Rod Bonella

Personal information
- Born: 19 June 1937
- Died: 2 April 2000 (aged 62)
- Occupation: Horse trainer
- Years active: 1950s–1967 (Running) 1957–? (Horse training)

Sport
- Sport: Athletics

Achievements and titles
- Commonwealth finals: 1962

Medal record
Marathon
Commonwealth Games
| Bronze medal – third place | 1962 Perth | Marathon |

= Rod Bonella =

Australian long-distance runner and horse trainer

Rodney Fairfax Bonella (19 June 1937 – 2 April 2000) was an Australian long-distance runner and horse trainer. He came third in the marathon event at the 1962 British Empire and Commonwealth Games.

==Running career==
Bonella attended Scotch College, Melbourne, where he ran the mile and half-mile events, and was also a cross-country runner. He was part of the school's 4 x 880 yard relay team that set an Associated Public Schools of Victoria (APS) record. In the 1960s, Bonella was trained by Emil Zátopek, and trained alongside fellow Australian athletes Ron Clarke, Trevor Vincent and Tony Cook. In 1962, Bonella came second in the Australian National Marathon Championships, behind Keith Ollerenshaw. He was competing for Victoria state.

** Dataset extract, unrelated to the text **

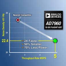 Parallèlement, l’américain introduit l’AD7961, à 5 Méch./s également, mais dont la résolution est limitée à 16 bits.

Bonella was selected for the marathon event at the 1962 British Empire and Commonwealth Games in Perth, Australia. He came third in the race, finishing in a time of 2:24:07. Bonella fell behind the leading two runners with 5 mi to go in the race, and suffered with dehydration until the end of the race. In 1963, he competed in local 3000 metres steeplechase, one mile, three mile and six miles events. In 1965, Bonella won an APS Old Boys' cross-country event.

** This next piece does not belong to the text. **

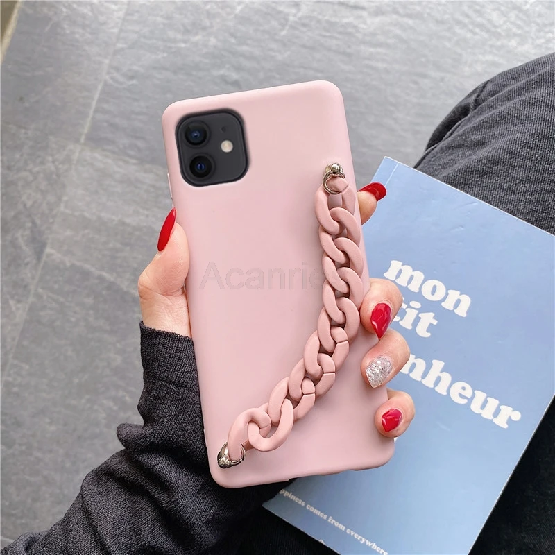 Featuressilicone candy color simple matte bracelet chain wrist strap case

Bonella retired from running in 1967, to focus on his horse training career.

==Horse training career==
Bonella started training horses in 1957, when he imported the horse Caynham from the United Kingdom. In 1965, Bonella bought Amourrou, a horse which had won the 1965 Churchill Stakes. Amourrou was the grandson of legendary American horse Man o' War. Later in the year, Amourrou produced a foal that was the first horse born in Australia to be directly descended from Man o' War. In the 1970s, Bonella earned a licence to become a horse owner and trainer. From 1978 to 1984, Bonella took a break from horse racing, after one of his winning horses, Royal Amour, was badly injured. Rooster Hall, a horse trained by Bonella, won a 1994 race at Sandown Racecourse.

Bonella's daughter Louise is also a horse trainer.

==Death==
Bonella died of cancer on 2 April 2000, at the age of 62.